*** Opening of Input material ***

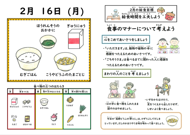 今日の献立は、「麦ごはん・牛乳・高野豆腐の卵とじ・ほうれん草のおかか煮」でした。
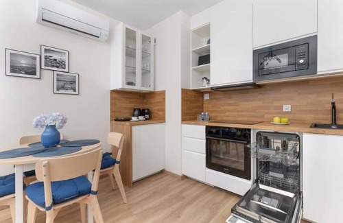 The apartment is located on the 12th floor of the building and can accommodate 4 people - an ideal option for families or friends traveling together. The highly functional 35 m² space consists of a living room with a kitchenette, a bedroom and a bathroom with a shower cubicle. The living area, equipped with a comfortable sofa and a TV with cable channels and Smart TV function, is the perfect place to relax. There is also a balcony with garden furniture, where guests can enjoy a sip of morning coffee or relax after a day of sightseeing. From here you have a view of the estate's surroundings, and you can see the sea in the isthmus between the blocks. The separate bedroom is decorated in a stylish color scheme and offers two single beds combined into a double bed and a large, capacious closet. The apartment has access to high-speed free Wifi, as well as a desk with a chair, so guests working remotely will be able to take care of business duties in comfort. A wide range of amenities and comprehensive furnishings of the apartment with necessary kitchen and bathroom accessories and equipment guarantee a comfortable stay. Guests are welcomed with a special set of complimentary toiletries (soap, shampoo and shower gel), towels and linens. On the apartment's equipment guests will also find a washer-dryer, which will certainly be appreciated by families with small children or those planning a longer stay. The apartment is distinguished by careful finishing and aesthetics, the space is bright and modern. The decor of the apartment is complemented by blue decorative elements, and the wooden parquet floor gives it a pleasant character. The apartment comes with a parking space in the underground garage.
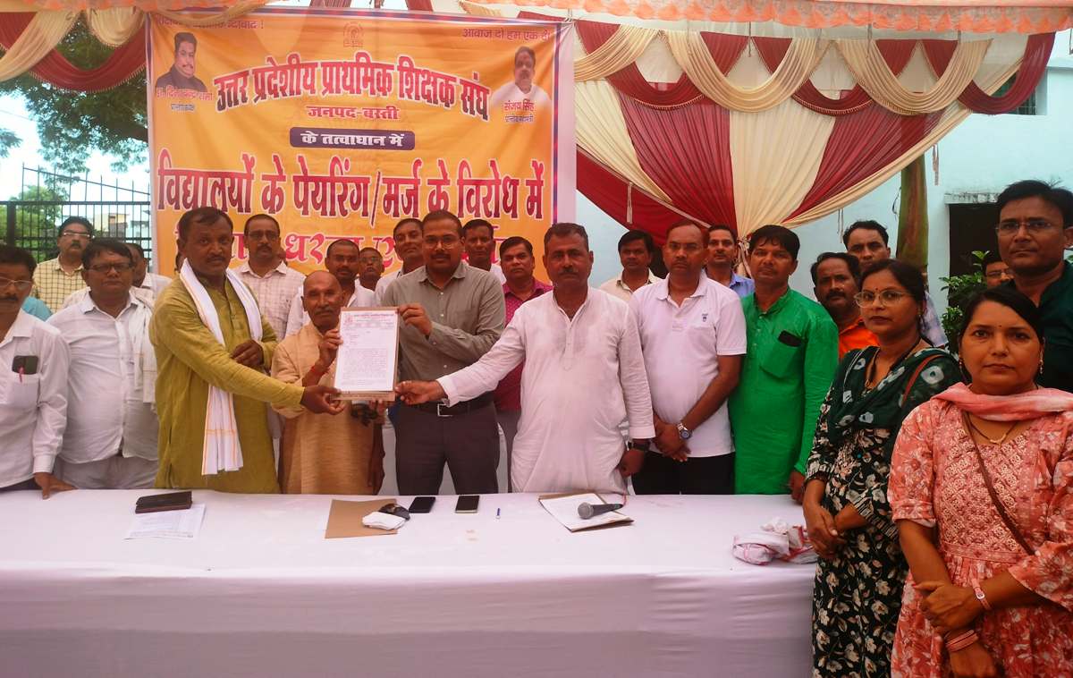 बस्ती। उत्तर प्रदेशीय प्राथमिक शिक्षक संघ के बैनर तले प्रदेश नेतृत्व के आह्वान पर मंगलवार को परिषदीय स्कूलों के पेयरिंग के विरोध में बड़ी संख्या में शिक्षकों ने संघ के जिलाध्यक्ष चन्द्रिका सिंह के नेतृत्व में बीएसए कार्यालय पर धरना दिया। इसके बाद जिला बेसिक शिक्षा अधिकारी को ज्ञापन सौंपा।
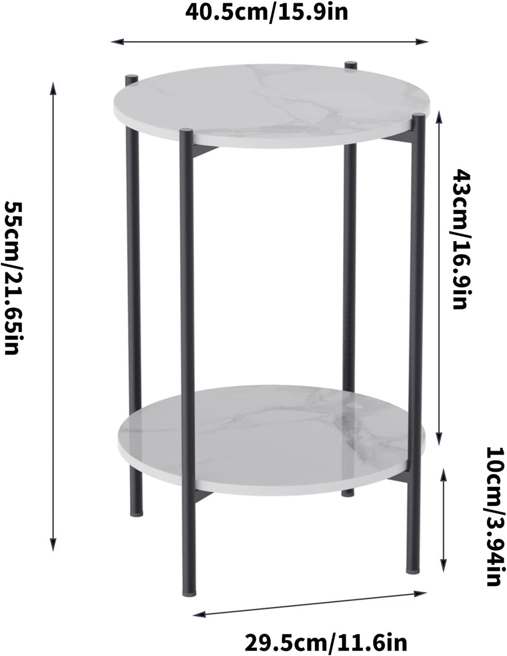 FATIVO Marmor Couchtisch Beistelltisch Sofatisch: 2 Ablagen Beistelltisch rund Nachttisch fürs Wohnz
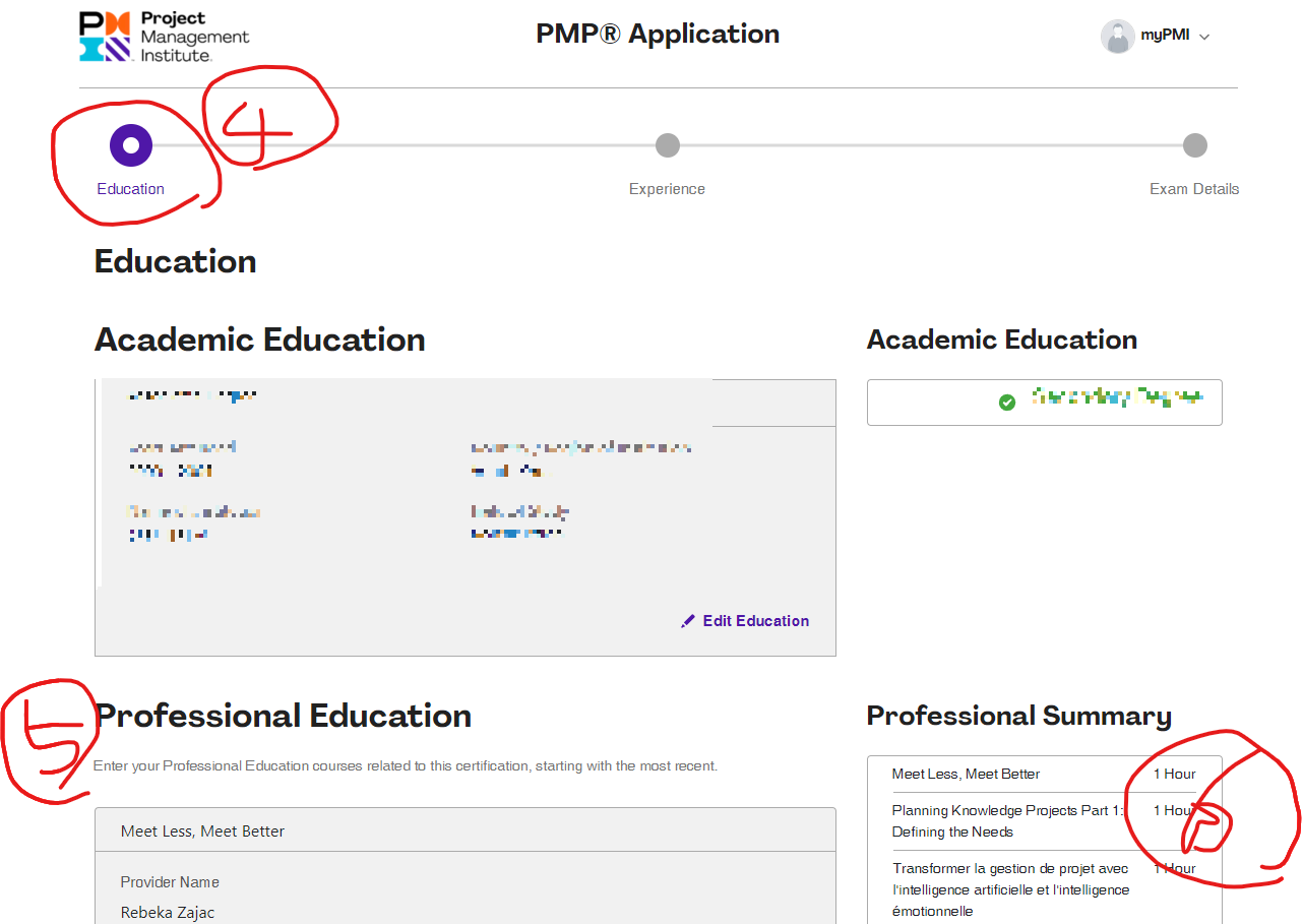 - Professional Education 에 관련 동영상 강의 들은 정보를 입력하면 되는데, 이를 PDU라고 합니다.
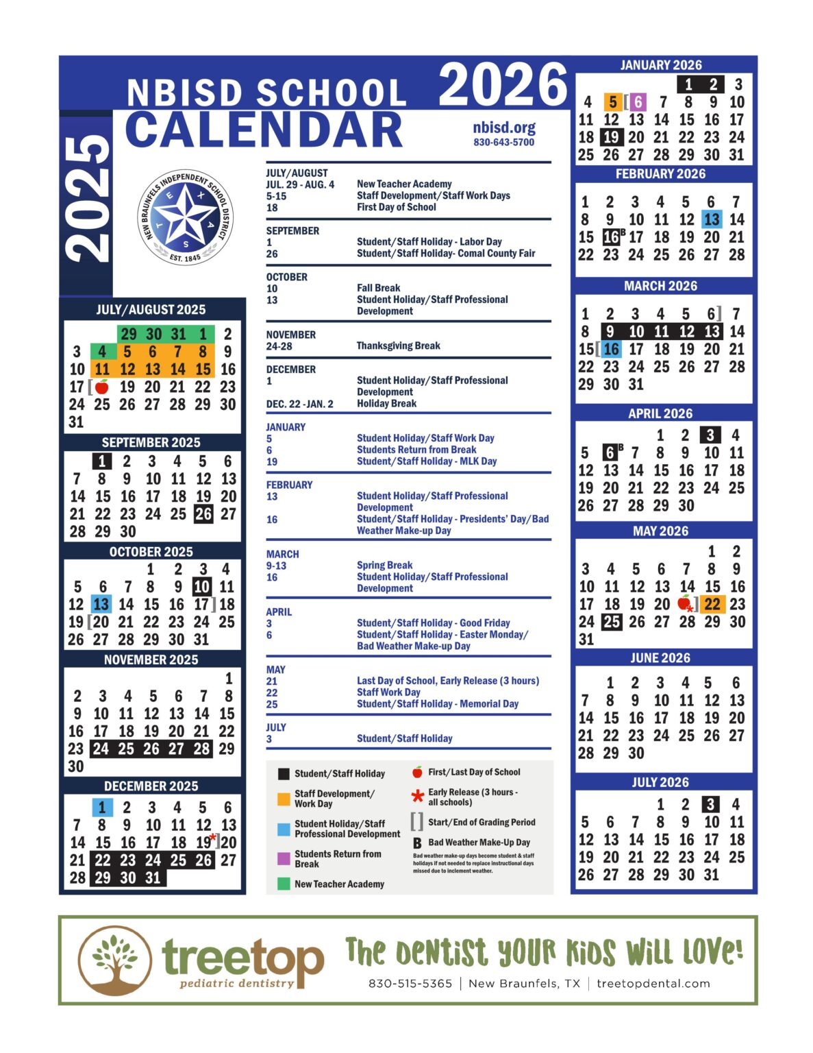New Braunfels NBISD School Calendar 25 26 PDF EduCounty

*** Close of Input material ***

*Your assignment*
Give the data again exactly, without pictures.

*Worked solution*
 今日の献立は、「麦ごはん・牛乳・高野豆腐の卵とじ・ほうれん草のおかか煮」でした。
 The apartment is located on the 12th floor of the building and can accommodate 4 people - an ideal option for families or friends traveling together. The highly functional 35 m² space consists of a living room with a kitchenette, a bedroom and a bathroom with a shower cubicle. The living area, equipped with a comfortable sofa and a TV with cable channels and Smart TV function, is the perfect place to relax. There is also a balcony with garden furniture, where guests can enjoy a sip of morning coffee or relax after a day of sightseeing. From here you have a view of the estate's surroundings, and you can see the sea in the isthmus between the blocks. The separate bedroom is decorated in a stylish color scheme and offers two single beds combined into a double bed and a large, capacious closet. The apartment has access to high-speed free Wifi, as well as a desk with a chair, so guests working remotely will be able to take care of business duties in comfort. A wide range of amenities and comprehensive furnishings of the apartment with necessary kitchen and bathroom accessories and equipment guarantee a comfortable stay. Guests are welcomed with a special set of complimentary toiletries (soap, shampoo and shower gel), towels and linens. On the apartment's equipment guests will also find a washer-dryer, which will certainly be appreciated by families with small children or those planning a longer stay. The apartment is distinguished by careful finishing and aesthetics, the space is bright and modern. The decor of the apartment is complemented by blue decorative elements, and the wooden parquet floor gives it a pleasant character. The apartment comes with a parking space in the underground garage.
 बस्ती। उत्तर प्रदेशीय प्राथमिक शिक्षक संघ के बैनर तले प्रदेश नेतृत्व के आह्वान पर मंगलवार को परिषदीय स्कूलों के पेयरिंग के विरोध में बड़ी संख्या में शिक्षकों ने संघ के जिलाध्यक्ष चन्द्रिका सिंह के नेतृत्व में बीएसए कार्यालय पर धरना दिया। इसके बाद जिला बेसिक शिक्षा अधिकारी को ज्ञापन सौंपा।
 FATIVO Marmor Couchtisch Beistelltisch Sofatisch: 2 Ablagen Beistelltisch rund Nachttisch fürs Wohnz
 - Professional Education 에 관련 동영상 강의 들은 정보를 입력하면 되는데, 이를 PDU라고 합니다.
New Braunfels NBISD School Calendar 25 26 PDF EduCounty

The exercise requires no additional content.